Hidary co-founded Vista Research in 2001 as an independent financial research company serving institutional investors, drawing on experts in the fields of technology, media, telecommunications, energy, aerospace and healthcare. Vista Research was acquired in 2005 by the Standard & Poor’s division of McGraw-Hill.

===SandboxAQ===
In 2016, Hidary founded a quantum technology group at Alphabet Inc. In 2022, it was spun out into a standalone company, SandboxAQ, with Hidary as CEO and Eric Schmidt as Chairman.

At launch, Reuters reported the company had raised a ‘nine-figure’ initial funding round from investors including Schmidt, Breyer Capital, T. Rowe Price funds, TIME Ventures and others. In 2023, Reuters confirmed that the amount raised was $500 million. Under Hidary’s leadership, the company has secured several government contracts for its quantum-resistant cybersecurity solutions, launched a quantum navigation pilot program with the U.S. Air Force, and launched a molecular simulation division to accelerate drug discovery. In 2024, The Information reported that the company was facing difficulties commercializing its technology. The company has released a number of open source datasets for AI training in chemical and biological science.

In 2025, Quantum Computing Report reported that Michael J. Wolf, CEO of Activate Consulting, had joined the board of directors. Wolf was formerly global managing partner of McKinsey & Company, and president and chief operating officer of MTV Networks. He was an advocate for Jack Hidary's mayoral candidacy in 2013.

As of 2025, it was reported that SandboxAQ's software was being used for pharmaceutical development and drug discovery.

NVIDIA has partnered with the company. They jointly released publicly available datasets including Structurally Augmented IC50 Repository (SAIR), the largest public dataset of protein-ligand pairs with annotated experimental binding potency data; AQCat25, a dataset and model of high-fidelity quantum chemistry calculations; and AQAffinity, an open source AI model that predicts protein–ligand binding affinity.

==Social and policy initiatives==
In 2008, Hidary helped draft the Cash for Clunkers program. He has been a vocal proponent of renewable energy. He is a trustee of the X Prize Foundation and the co-founder of the Auto X Prize, which inspired the development of highly fuel-efficient vehicles.

Hidary has served as a partner or trustee for numerous New York City groups, including the Partnership for New York City and the Citizens Budget Commission.

He has served on several boards including the advisory council for the National Renewable Energy Lab (NREL). He is on the board of the X Prize Foundation.

In a 2026 op-ed for The Wall Street Journal, Hidary argued that in order to compete with China economically, the United States needs greater advancement in quantum computing and the development of artificial intelligence in areas outside of large language models in addition to quantum computing, as these could be used to drive advancements in material science and biotechnology.
==Politics==
On July 17, 2013, Hidary announced his intent to run for New York City Mayor as an independent on a new party line called the Jobs and Education Party and succeed Michael Bloomberg.
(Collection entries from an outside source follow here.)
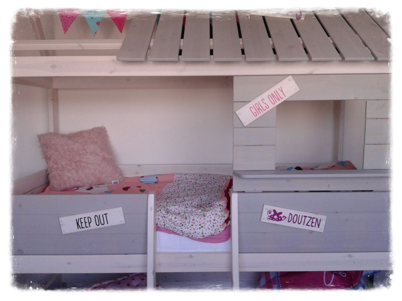 Voor dit kinderbed kreeg ik een blanco bordje waarop ik de naam van het meisje gezet heb.
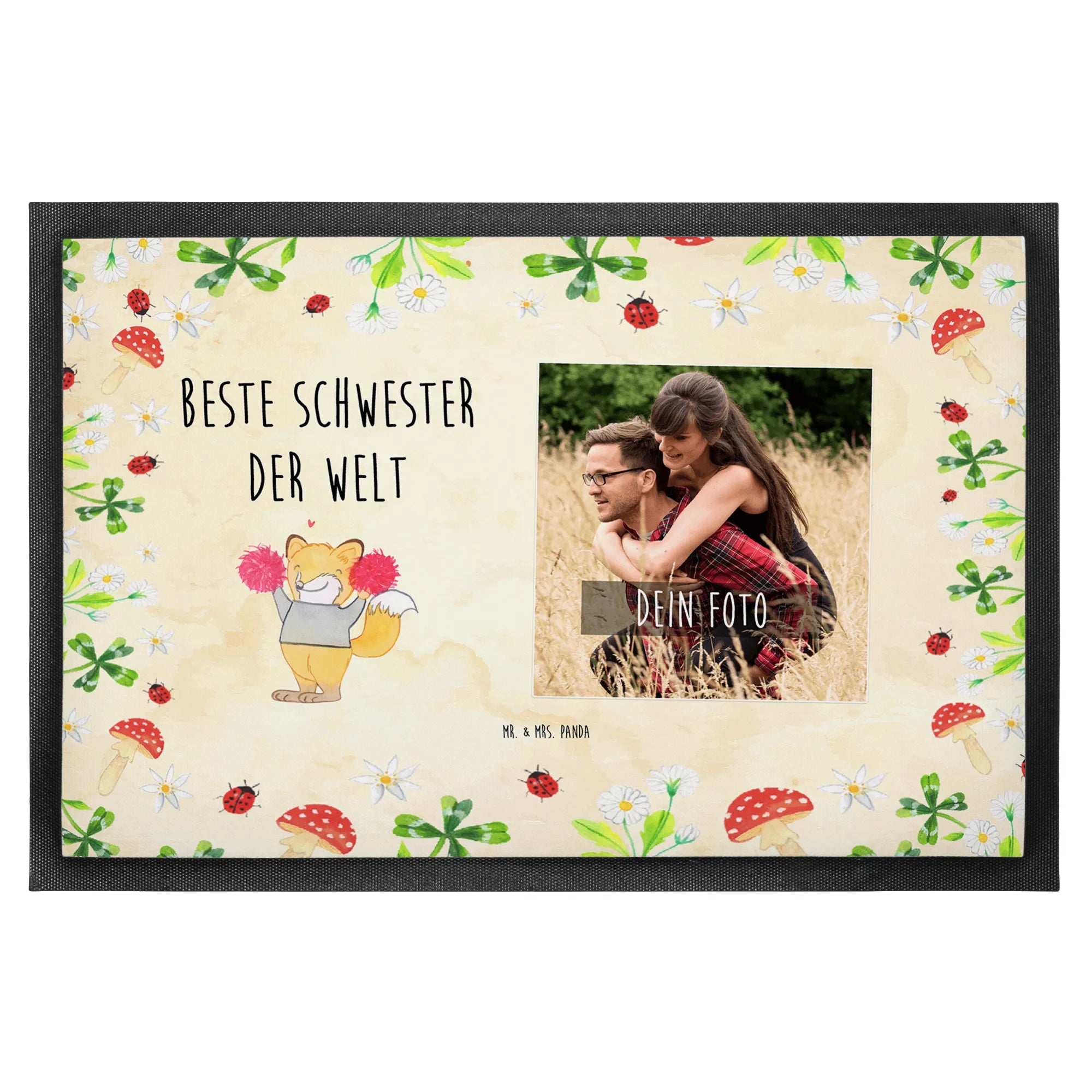 Die personalisierte Foto Fußmatte mit dem süßen Fuchsmotiv "Beste Schwester der Welt" von Mr. & Mrs. Panda ist das perfekte Geschenk, um deiner Schwester zu zeigen, wie viel sie dir bedeutet. Egal ob zum Geburtstag, als Dankeschön oder einfach nur so – diese Fußmatte wird ihr Herz höher schlagen lassen!
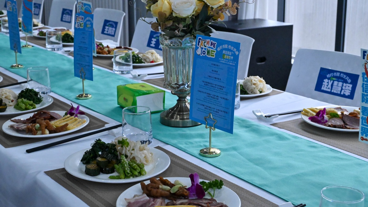 正午,阿信初雪轻扬,雪絮漫卷。上河书院208山河·赋能空间里笑语喧和,中外学子的多语种交融共振,跨文化相逢的鲜活暖意漫溢其间。12月12日中午,相约书院·校长共膳——阿信带你连接世界活动温情启幕,校领导及书院部、国际交流与合作处、信息工程学院等相关部门负责人、外籍教师代表、2026年暑期出国交流项目入选学生代表以及留学生们齐聚于此,在美食香韵、分享与艺术的多元交响中,共同勾勒出开放融通、文化互鉴的生动图景。

The New York Times described his political leanings as "socially progressive, fiscally reserved, and digitally savvy," and his primary goals are to better education, foster small business growth and spur employment across all boroughs, and attract companies and investment to New York. One of his primary initiatives was to increase productivity by wiring all of the city’s schools, businesses and neighborhoods for broadband Internet service. Another focus was to increase the number of tech incubators and shared workspaces across the city.
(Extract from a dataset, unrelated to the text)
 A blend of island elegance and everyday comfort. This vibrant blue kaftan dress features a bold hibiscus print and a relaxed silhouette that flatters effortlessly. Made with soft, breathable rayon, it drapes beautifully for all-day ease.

On November 5, 2013, Hidary lost to Bill de Blasio in the mayoral election, receiving less than 0.5% of the vote.

Following the release of campaign records several weeks later, the Wall Street Journal reported that Hidary had "contributed more than $300,000 to his unsuccessful campaign in a possible violation of city campaign finance law." The New York City Campaign Finance Board later imposed a fine of $14,433 for various campaign financial violations.